None of this is to say conservatives should go easy on Republicans. Indeed, they should be outraged that Rep. Jeff Flake, Arizona Republican, who actually claims to be a conservative, missed the vote altogether to attend a beauty pageant. Talk about misplaced priorities.

There are cap-and-traitors outside of Congress, too. Several major American corporations - including Caterpillar Inc. (why their shareholders put up with this is a mystery), Dow Chemical Co., Alcoa Inc. and General Electric Co. - banded together to form the U.S. Climate Action Partnership and lobby for cap-and-trade.
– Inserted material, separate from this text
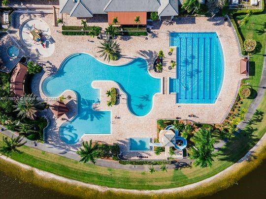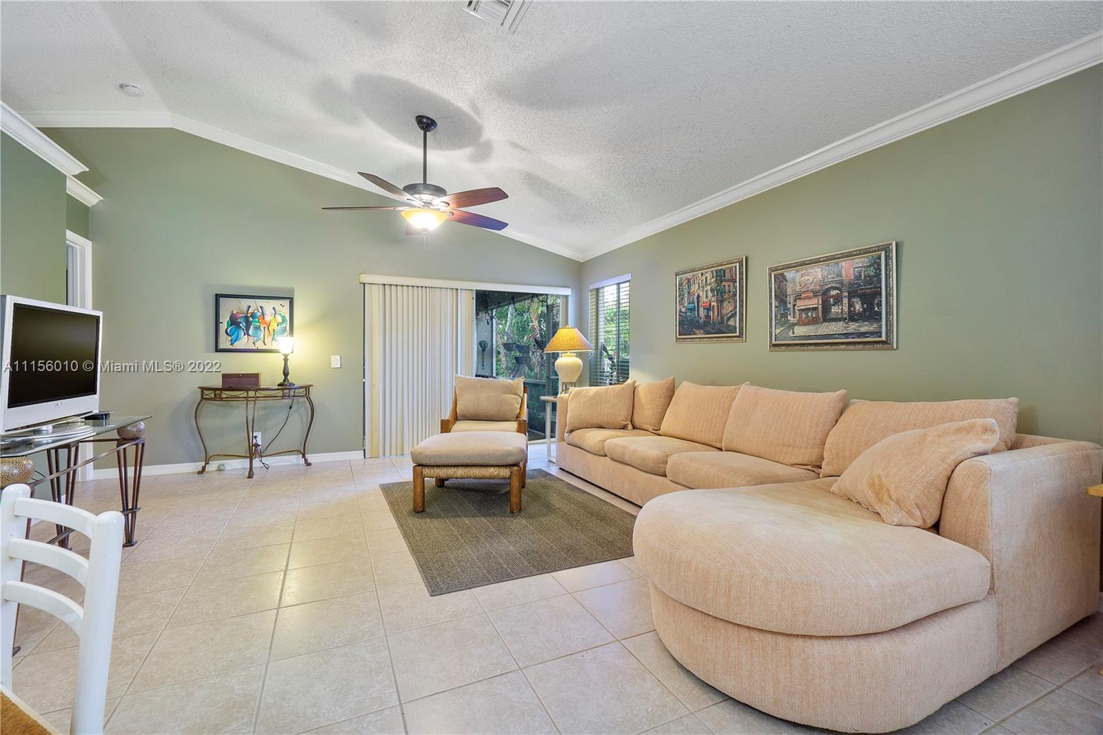 Three bedroom/2 bath home w/ 2-car garage in family-oriented community of guard-gated Savanna. All tiled living area w/volume ceilings, crown molding. Open updated kitchen with 42" white cabinetry, granite countertops & S/S appliances. Split bedroom plan. Wood laminate in bedrooms, closet systems. Walk-in closet, linen storage in master bedroom. Updated master bathroom & vanity area. Living area opens to screened patio. A/C & water heater have been replaced. Washer/dryer in garage. Hurricane panels. Paver driveway. Lushly landscaped, fully fenced, offering very private setting. Certified NatureScape. Recreational area in community offers resort-style clubhouse, multiple pools, baseball/soccer/hockey fields, basketball courts, mini-golf, playgrounds for family fun! Highly rated schools.

They seek a specific policy designed to guarantee short-term windfall profits at the expense of American energy consumers. These companies' combined support gave Waxman-Markey's supporters a crucial talking point on the claimed economic benefits of "doing something" about climate change.

What did the proverbial 30 pieces of silver buy? Not much, at least in terms of global warming. Using the same emissions scenarios employed by the U.N. Intergovernmental Panel on Climate Change, environmental scientist Chip Knappenberger of the Institute for Energy Research calculates that the American Clean Energy and Security Act would reduce global warming by nine-hundredths of 1 degree Fahrenheit, at a cost of hundreds of billions of dollars.

Clearly, this bill is all pain and no gain. When the pain hits, citizens should remember who imposed it on them.

Fred L. Smith Jr. is president of the Competitive Enterprise Institute (CEI). William Yeatman is an energy policy analyst at CEI and a contributor to Globalwarming.org.